Macron and Meloni sign a defence roadmap at Antibes after the Trump rift
Paris and Rome deepen cooperation on the SAMP/T air-defence system, nuclear energy and a European satellite venture to rival Starlink
Summary
Emmanuel Macron hosted Giorgia Meloni in Antibes on June 25 for the first France-Italy bilateral summit under the 2021 Quirinal Treaty, signing a defence roadmap that foregrounds the Franco-Italian SAMP/T air-defence system already supplied to Ukraine. The two also agreed cooperation on nuclear energy, including small modular reactors, and on the "Bromo" satellite venture meant to build a European rival to Starlink. Meloni arrived fresh from her fallout with Trump over Iran, and the French presidency framed the meeting bluntly: "We need each other." It caps a day of European defence coordination alongside the E5 Berlin meeting.
Why it matters
A working Paris-Rome axis on air defence, nuclear power and space hardens Europe's autonomy push at a moment when ties to Donald Trump's Washington are fraying.

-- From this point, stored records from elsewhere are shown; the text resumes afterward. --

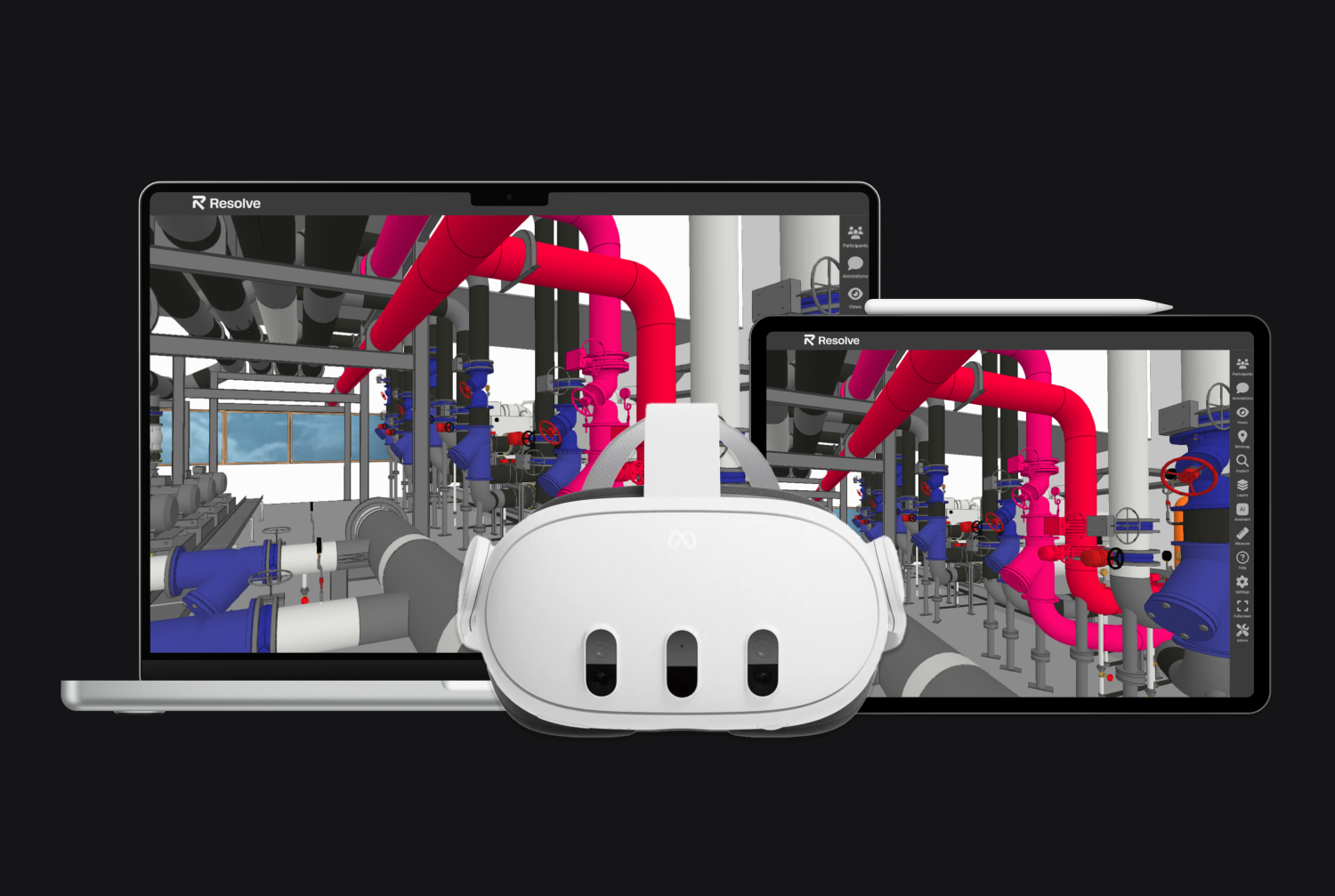 Upload your NWD files to Resolve and open them on wireless Meta Quest headsets (Quest 2, Quest 3, Quest 3S, Quest Pro), on the web, or on iPad. No extensive cleanup required.
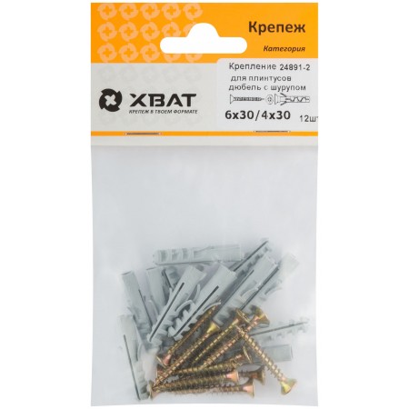 Крепление для плинтусов.Комплект: дюбель с шурупом 6х30/4х30 (фасовка 12 шт) (24891-2)
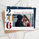 Affordable custom printed holiday cards with a simple template for customisation. Announce your holiday season engagement with this modern minimalist New Year photo card. The design features large typography with the new year date and "Ringing in the New Year" headline in burgundy, navy and gold colours. Personalise it with your photo and custom text. Use the design tools to choose any fonts and colour, add more photos and create a unique one of a kind New Year photo magnet.

SAMP/T and the satellite venture target two visible dependencies: Ukraine's air shield and reliance on US-controlled space infrastructure.
What to watch
- Concrete SAMP/T production and delivery commitments for Ukraine.
- Whether the "Bromo" satellite project secures funding and partners.
- Durability of the Macron-Meloni thaw given their past clashes.